Safe Workflow (Encode, Then Decode to Verify)
The safest way to avoid mistakes is a round-trip check: encode your text to Morse, then decode it back and confirm it matches your original phrase.
- Type the phrase in Text to Morse Code.
- Copy the Morse output.
- Paste it into Morse Code to Text.
- Confirm the decoded text reads "I LOVE YOU" (spacing and capitalization may vary).
This catches the most common real-world errors: missing spaces, accidental smart punctuation, and copy/paste introducing extra characters.
Mini FAQ
- Why decode it back if a tool encoded it?
- Because you are going to share the copied text. Round-tripping verifies the copied output is still decodable after paste/formatting.
- What if the decoder returns extra spaces?
- That is usually fine. Focus on the letters and word boundaries matching.
- What if it decodes wrong?
- Fix separators first. Ensure single spaces between letters and
/between words, then try again.
Make It Gift-Ready (Engraving, Print, Jewelry)
When Morse goes onto a physical object, the visual layout matters as much as the code. Use a monospaced font when previewing, and decide how you will represent letter gaps and word gaps in the final design.
- Use consistent separators: slashes are easy to see; a wider gap between words can also work if your layout supports spacing.
- Preview in a monospaced font: it makes spacing obvious and reduces "optical" spacing errors.
- Decide dot/dash style: plain
.and-are safest; decorative bullets or long dashes may break decoding. - Plan line breaks: if you wrap, wrap between words, not mid-word.
For bracelets or beads, people often map dot = small bead and dash = long bead (or a different color). If you do that, keep a clear separator between letters (for example, one spacer bead) and a larger separator between words (for example, two spacer beads or a distinct bead).
Mini FAQ
- Can I replace the slash with a vertical bar or a bigger gap?
- Yes, as long as the design makes word boundaries obvious. If you change separators, do not mix conventions within the same piece.
- Should I use fancy dots and dashes?
- Avoid fancy punctuation unless you test decoding. Simple
.and-are the most compatible. - What is the most common engraving mistake?
- Forgetting spaces between letters. In physical layouts, letter boundaries can disappear unless you plan for them.
Common Variations (And How to Keep Them Correct)
People often want variants like "I love you." with punctuation, or a longer phrase like "I love you forever." The safe pattern is: write the exact text you want, encode it, then decode to verify. Do not hand-edit the Morse unless you are confident in the mapping and spacing rules.
If you want the visual to stay clean, consider keeping the phrase letters-only and writing punctuation in plain text outside the Morse block. That avoids punctuation support differences across tools.
Mini FAQ
- Can I write "I LOVE YOU" without the word slashes?

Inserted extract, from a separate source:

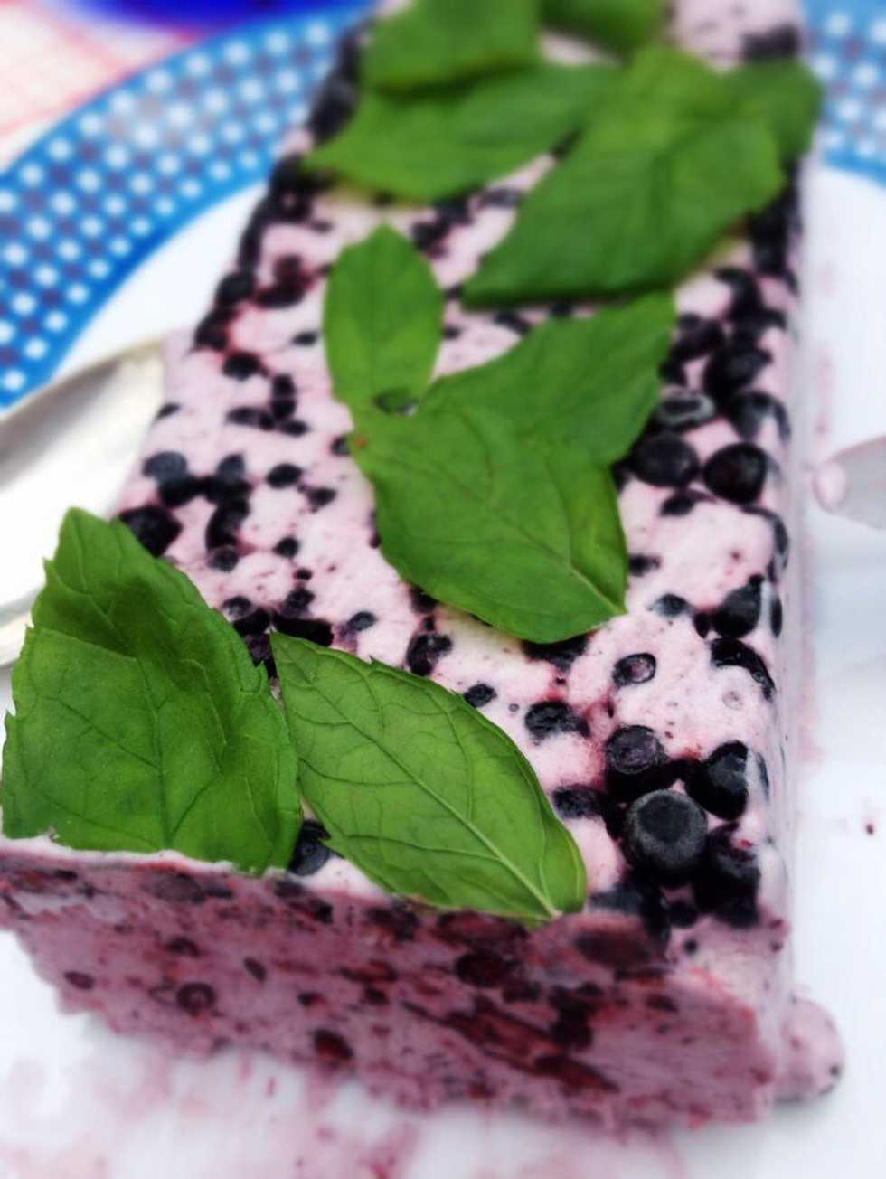 Then pour the parfait batter into the mold. Cover the mold with some more plastic foil. Freeze for at least 3 hours. If you keep it in longer, take it out well in advance before serving it.

- You can, but you need a clear alternative word separator (like double spaces). Slashes are the least error-prone for copy/paste.

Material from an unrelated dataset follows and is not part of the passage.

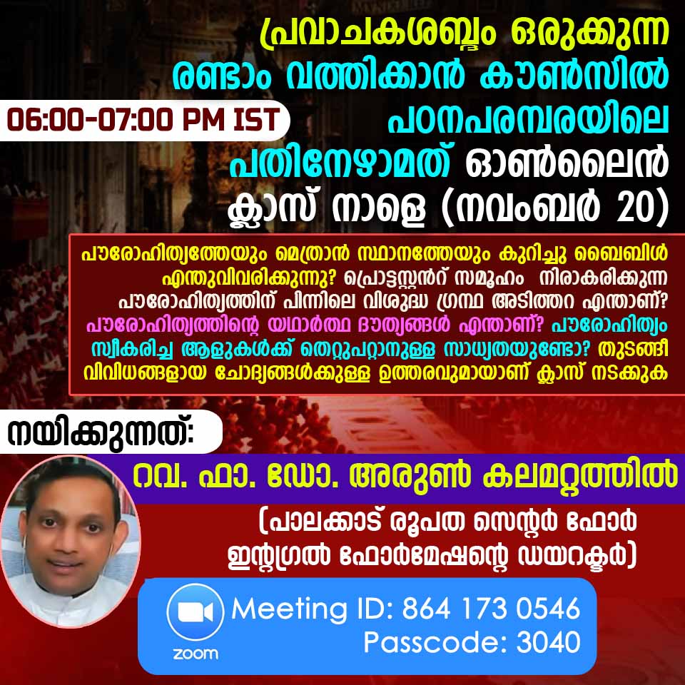 നൂറുകണക്കിന് വിശ്വാസികള് തത്സമയം പങ്കെടുത്തുക്കൊണ്ടിരിക്കുന്ന രണ്ടാം വത്തിക്കാന് കൗൺസിൽ ഓണ്ലൈന് പഠന പരമ്പരയുടെ പതിനേഴാമത് ഓണ്ലൈന് ക്ലാസ് നാളെ (നവംബര് 20) ശനിയാഴ്ച നടക്കും. പൗരോഹിത്യത്തേയും മെത്രാന് സ്ഥാനത്തേയും കുറിച്ചു ബൈബിള് എന്തുവിവരിക്കുന്നു? പ്രൊട്ടസ്റ്റന്റ് സമൂഹം നിരാകരിക്കുന്ന പൗരോഹിത്യത്തിന് പിന്നിലെ വിശുദ്ധ ഗ്രന്ഥ അടിത്തറ എന്താണ്? പൗരോഹിത്യത്തിന്റെ യഥാര്ത്ഥ ദൌത്യങ്ങള് എന്താണ്? പൗരോഹിത്യം സ്വീകരിച്ച ആളുകള്ക്ക് തെറ്റുപറ്റാനുള്ള സാധ്യതയുണ്ടോ? തുടങ്ങീ വിവിധങ്ങളായ ചോദ്യങ്ങള്ക്കുള്ള ഉത്തരവുമായാണ് നാളത്തെ ക്ലാസ് നടക്കുക.

- Does Morse include a heart symbol?
- No. Use the words or combine Morse with a separate symbol in plain text or design.
- How do I add numbers (like a date)?
- Use an encoder and verify by decoding. Keep Morse Code Numbers Chart handy if you are checking by eye.

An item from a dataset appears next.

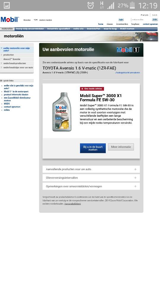 Mobil Türkiye'ye girin hangi yağ diye aratın sizlere mobil 1 0-40 full sentetik yağı tavsiye ediyor ok.Şimdide Mobil.nl girin mobil Hollanda'da ki sitesine oda aynı motor için avensis t27 1.6 valfmatic için mobil 3000 5-30 zu tavsiye ediyor ve bu ya çok daha ucuz acaba toyota Türkiye de olmak şartıyla bunlar bizim yiyiyor.

Troubleshooting (When Decoding Fails)
If your Morse does not decode as expected, the cause is usually formatting, not the underlying code.
- Check separators: single spaces between letters,
/between words. - Check punctuation: remove quotes, emojis, or decorative symbols and retry.
- Clean whitespace: normalize the text with Text Cleaner.
- Decode in chunks: decode one word at a time to find the broken segment.
Once each chunk decodes correctly, recombine them with consistent separators and decode again to confirm the full message.
Mini FAQ
- Why does one missing space change everything?
- Because Morse is ambiguous without boundaries. A long run of dots/dashes can be split into letters in multiple ways.
- What if my dashes are en dashes or em dashes?
- Replace them with the plain hyphen
-. Lookalike punctuation can break decoders. - What is the best final check before engraving?
- Round-trip the exact final text you will send to production: decode it back and confirm it reads correctly.